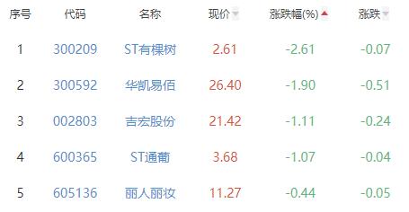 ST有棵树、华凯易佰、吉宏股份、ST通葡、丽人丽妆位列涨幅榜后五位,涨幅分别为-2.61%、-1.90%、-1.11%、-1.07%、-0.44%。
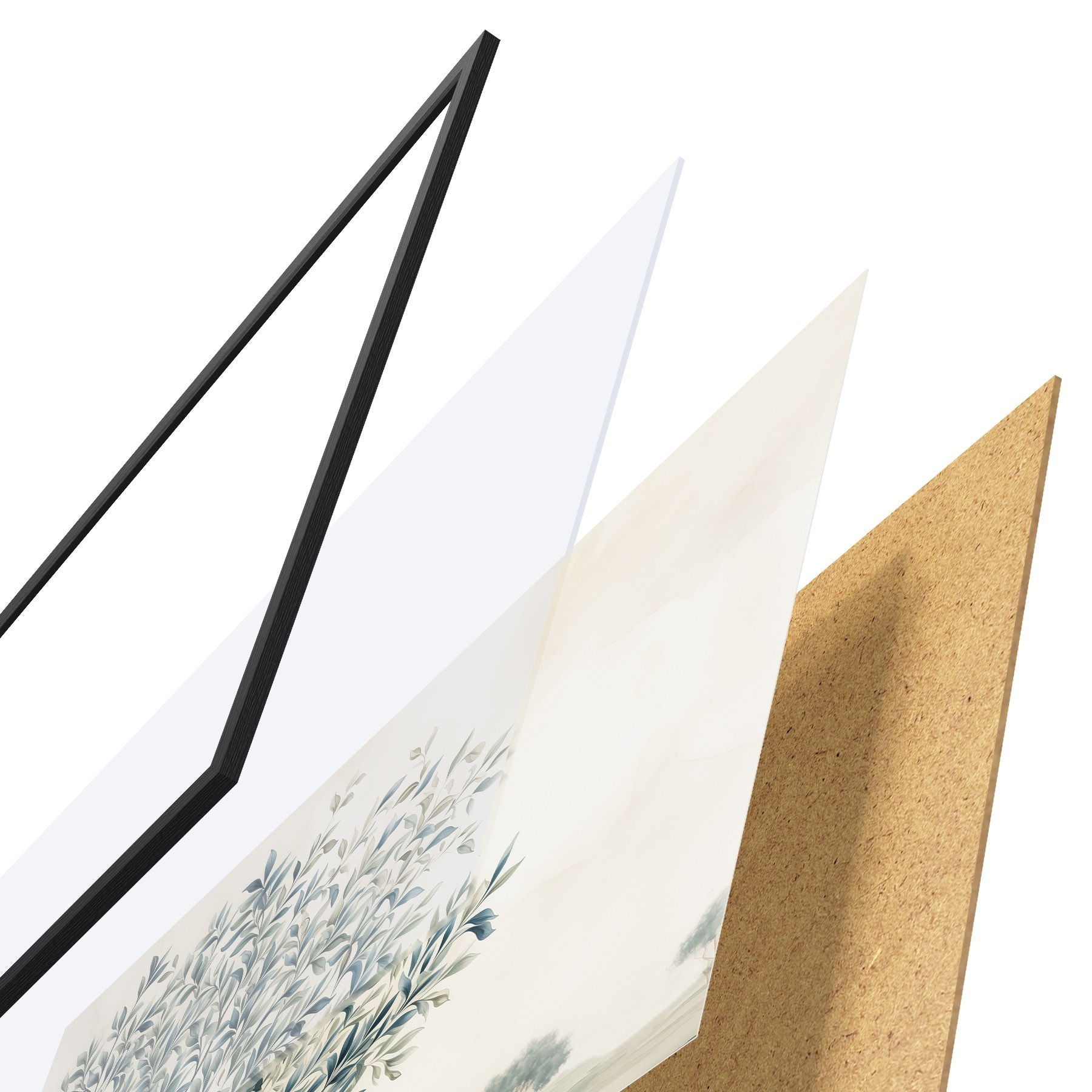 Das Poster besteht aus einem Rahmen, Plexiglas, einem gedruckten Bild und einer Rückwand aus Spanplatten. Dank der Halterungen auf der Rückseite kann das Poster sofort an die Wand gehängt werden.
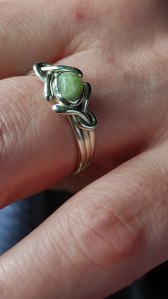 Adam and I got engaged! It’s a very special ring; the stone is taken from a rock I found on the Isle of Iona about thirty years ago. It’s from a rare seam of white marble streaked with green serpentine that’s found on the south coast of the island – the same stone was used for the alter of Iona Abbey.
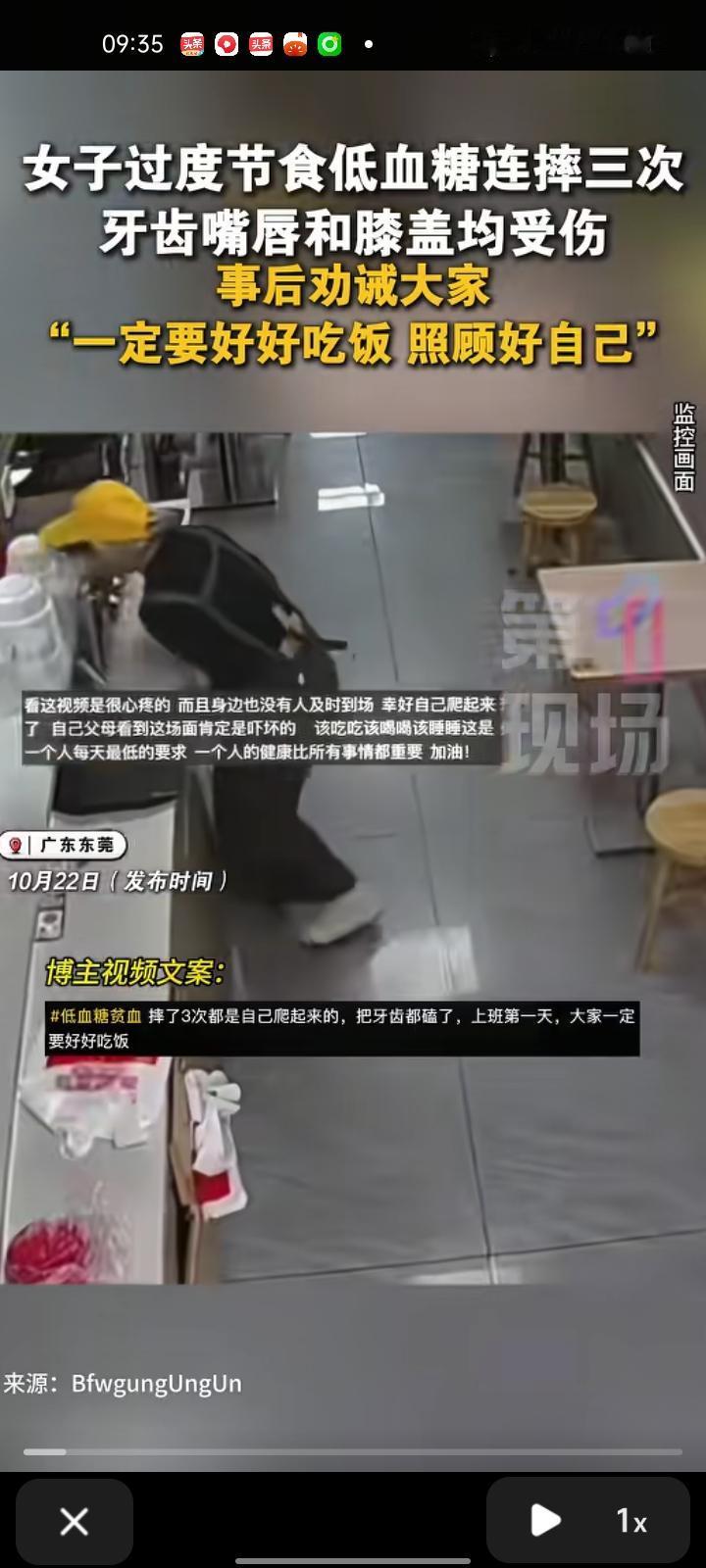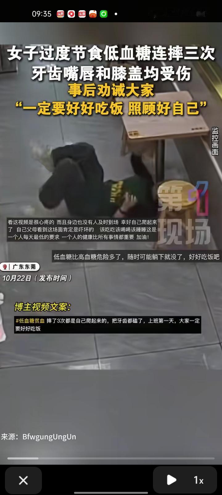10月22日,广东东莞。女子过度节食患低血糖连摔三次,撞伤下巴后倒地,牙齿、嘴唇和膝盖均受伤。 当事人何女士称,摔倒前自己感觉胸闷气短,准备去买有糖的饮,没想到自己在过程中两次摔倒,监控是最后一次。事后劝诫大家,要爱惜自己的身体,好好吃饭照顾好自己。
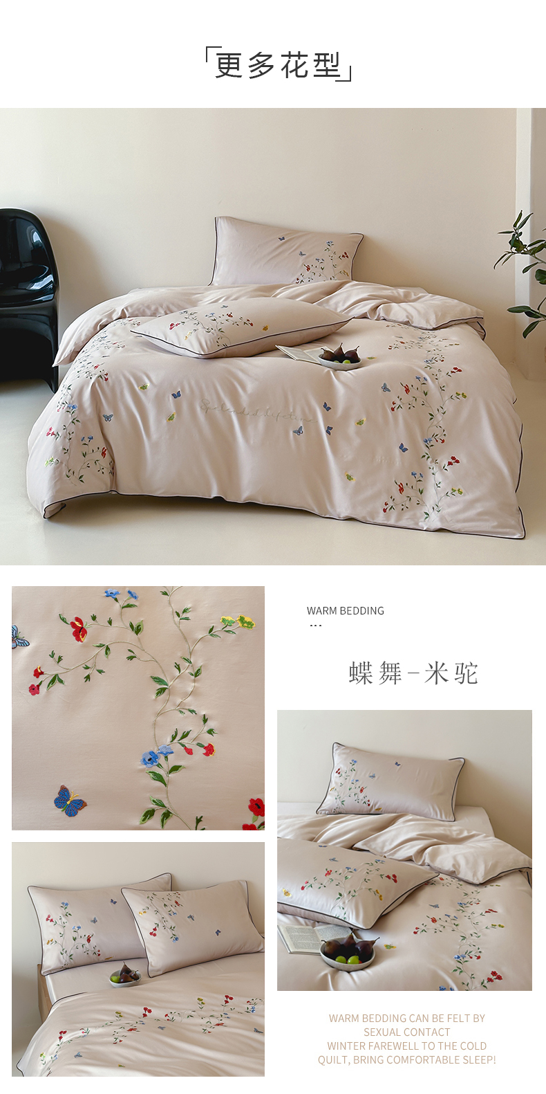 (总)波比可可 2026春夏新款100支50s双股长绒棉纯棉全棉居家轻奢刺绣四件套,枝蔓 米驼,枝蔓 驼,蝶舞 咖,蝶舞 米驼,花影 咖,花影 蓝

§ §

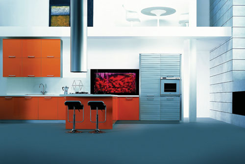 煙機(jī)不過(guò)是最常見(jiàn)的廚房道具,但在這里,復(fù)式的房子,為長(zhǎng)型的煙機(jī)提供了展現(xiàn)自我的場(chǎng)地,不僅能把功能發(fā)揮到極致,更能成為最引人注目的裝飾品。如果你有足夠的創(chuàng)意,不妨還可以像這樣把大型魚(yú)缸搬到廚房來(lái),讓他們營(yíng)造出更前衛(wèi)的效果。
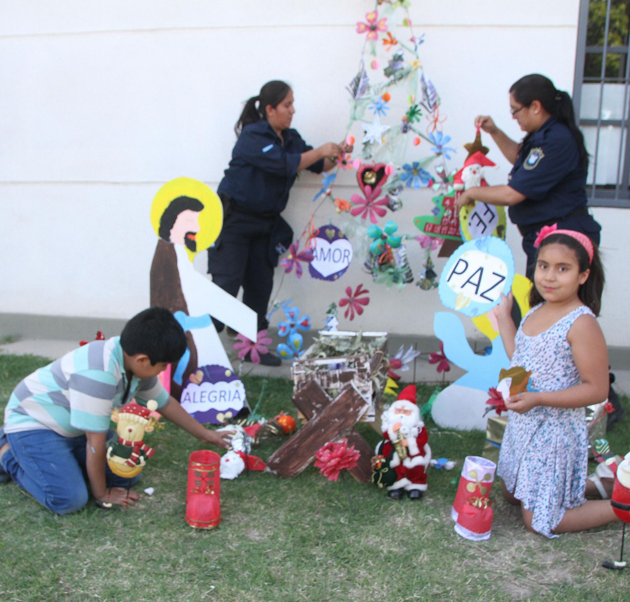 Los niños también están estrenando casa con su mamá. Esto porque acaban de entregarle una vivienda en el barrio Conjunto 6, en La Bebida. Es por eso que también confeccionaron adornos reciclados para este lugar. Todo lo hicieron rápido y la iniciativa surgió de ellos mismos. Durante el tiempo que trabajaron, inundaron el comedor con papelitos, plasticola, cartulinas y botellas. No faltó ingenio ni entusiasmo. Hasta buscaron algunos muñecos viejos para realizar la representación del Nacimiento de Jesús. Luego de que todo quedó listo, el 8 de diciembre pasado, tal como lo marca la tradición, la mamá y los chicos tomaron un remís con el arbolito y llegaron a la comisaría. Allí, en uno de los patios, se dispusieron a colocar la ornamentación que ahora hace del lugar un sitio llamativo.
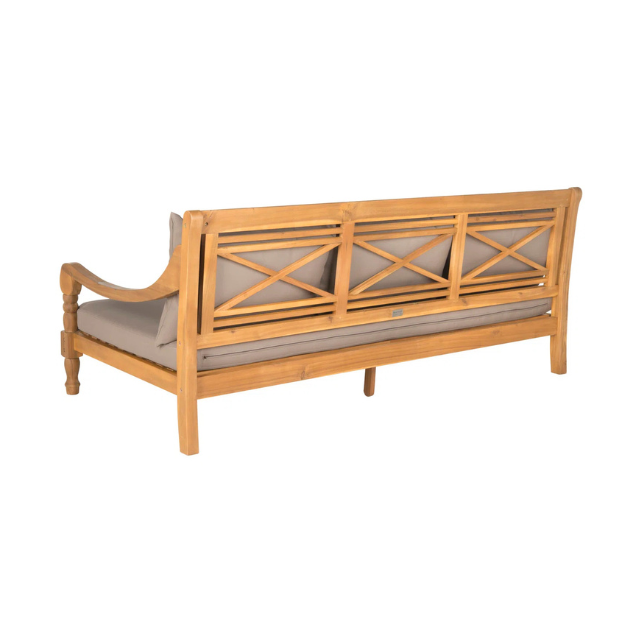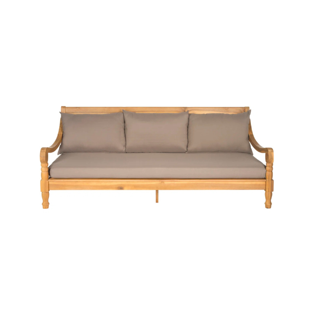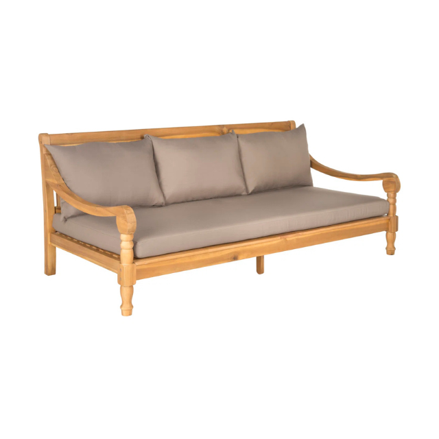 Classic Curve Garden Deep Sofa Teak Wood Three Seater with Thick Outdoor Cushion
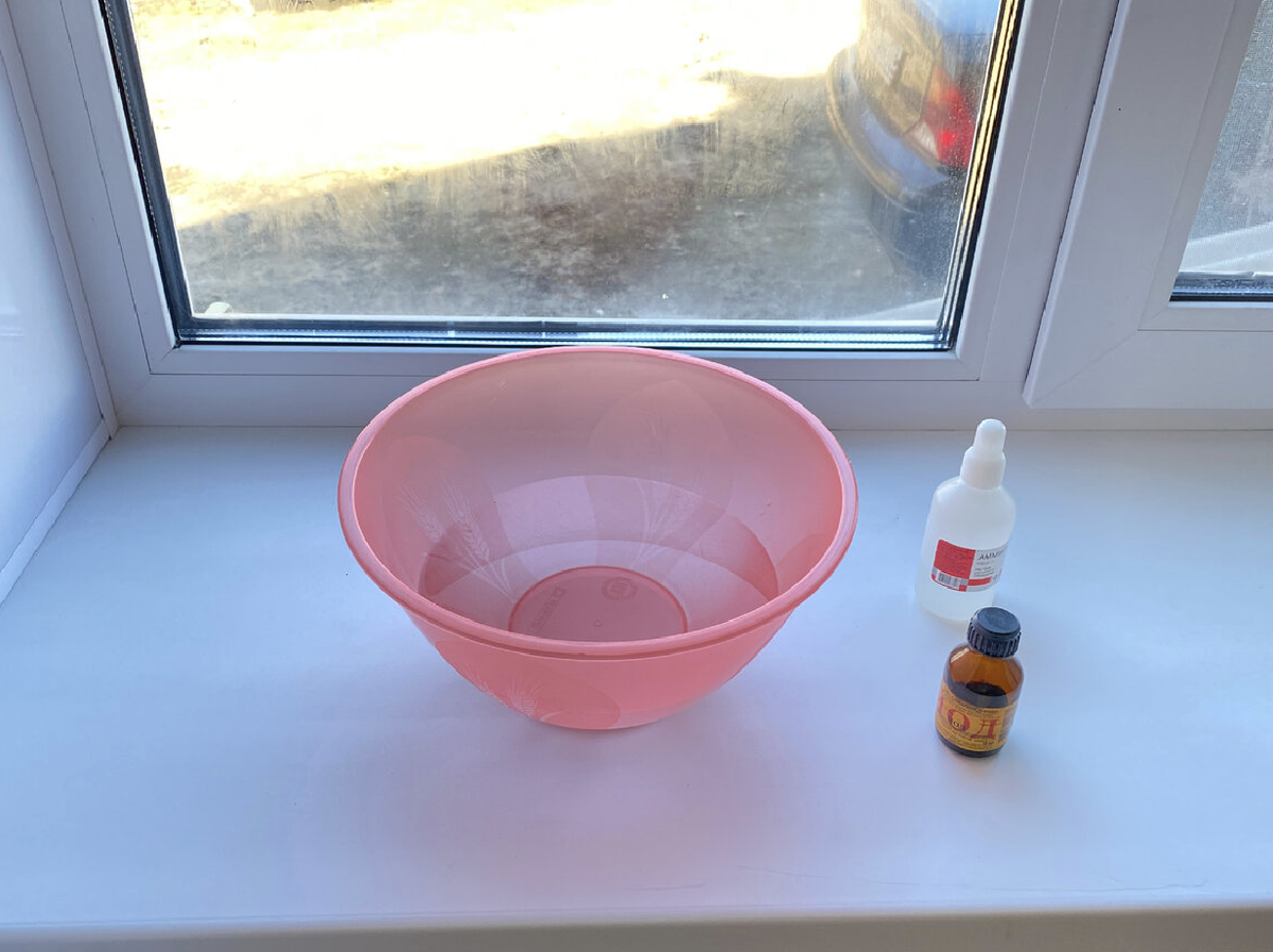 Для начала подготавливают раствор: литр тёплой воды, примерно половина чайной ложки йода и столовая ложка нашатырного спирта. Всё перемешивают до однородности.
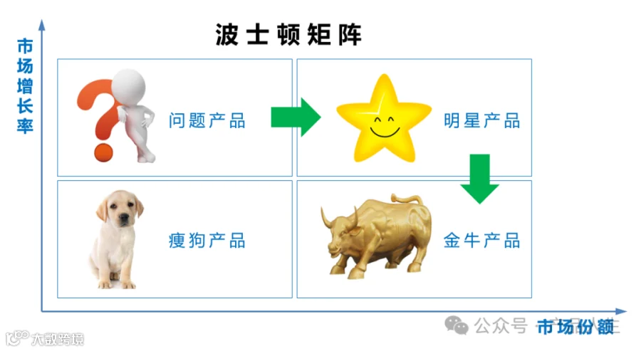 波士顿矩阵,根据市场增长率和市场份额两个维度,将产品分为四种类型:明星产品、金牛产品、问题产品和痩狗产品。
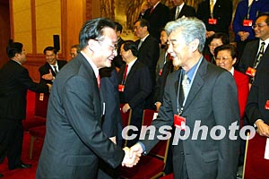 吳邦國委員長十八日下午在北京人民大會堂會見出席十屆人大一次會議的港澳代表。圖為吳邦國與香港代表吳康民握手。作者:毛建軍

§ §

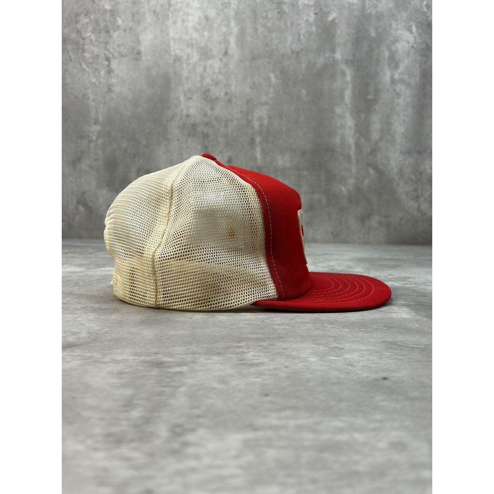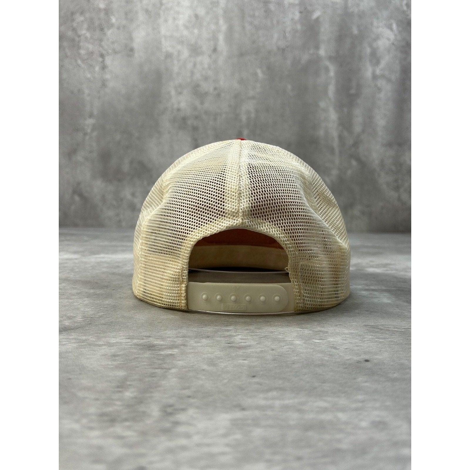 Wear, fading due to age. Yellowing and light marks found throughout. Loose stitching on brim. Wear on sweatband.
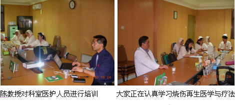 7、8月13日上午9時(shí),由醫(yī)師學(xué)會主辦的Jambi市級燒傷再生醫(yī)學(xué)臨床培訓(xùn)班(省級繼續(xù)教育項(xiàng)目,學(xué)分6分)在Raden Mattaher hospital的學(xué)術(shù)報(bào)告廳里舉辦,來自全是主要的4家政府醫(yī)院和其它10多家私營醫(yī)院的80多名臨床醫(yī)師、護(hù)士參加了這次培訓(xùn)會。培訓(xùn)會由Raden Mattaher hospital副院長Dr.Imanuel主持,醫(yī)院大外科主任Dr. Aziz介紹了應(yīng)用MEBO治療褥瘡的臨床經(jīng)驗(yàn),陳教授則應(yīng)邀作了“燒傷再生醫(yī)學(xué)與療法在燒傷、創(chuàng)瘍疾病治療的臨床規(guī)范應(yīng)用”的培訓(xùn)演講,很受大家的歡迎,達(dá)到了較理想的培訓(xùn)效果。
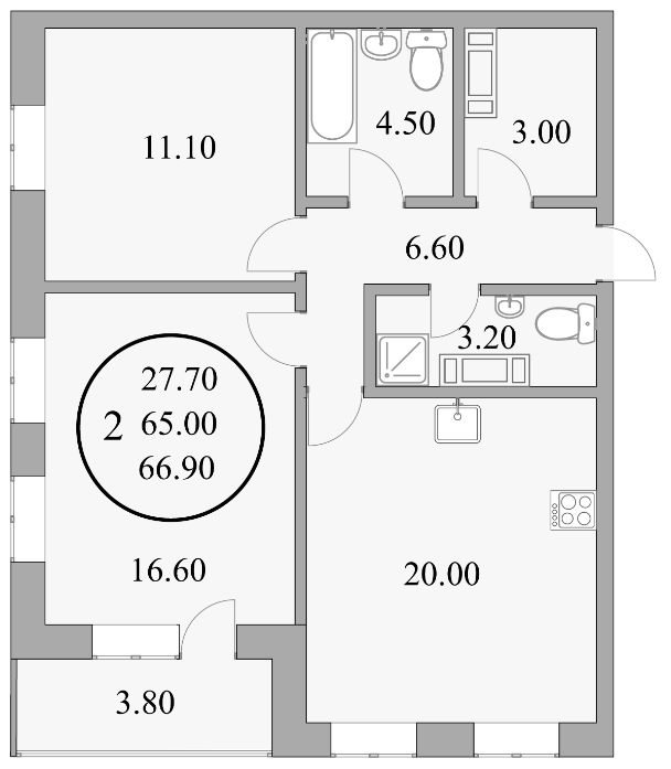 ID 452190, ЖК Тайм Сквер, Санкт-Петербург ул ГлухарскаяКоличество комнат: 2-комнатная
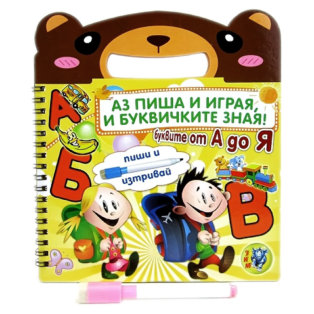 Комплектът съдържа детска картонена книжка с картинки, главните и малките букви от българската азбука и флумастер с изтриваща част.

§ §

* _What the exercise asks_
Look through the material above. Transcribe exactly the lines between the ones with "ST有棵树、华凯易佰、吉宏股" and "Das Poster besteht", inclusive, and keep pictures out.

* _Solution for this exercise_
 ST有棵树、华凯易佰、吉宏股份、ST通葡、丽人丽妆位列涨幅榜后五位,涨幅分别为-2.61%、-1.90%、-1.11%、-1.07%、-0.44%。
 Das Poster besteht aus einem Rahmen, Plexiglas, einem gedruckten Bild und einer Rückwand aus Spanplatten. Dank der Halterungen auf der Rückseite kann das Poster sofort an die Wand gehängt werden.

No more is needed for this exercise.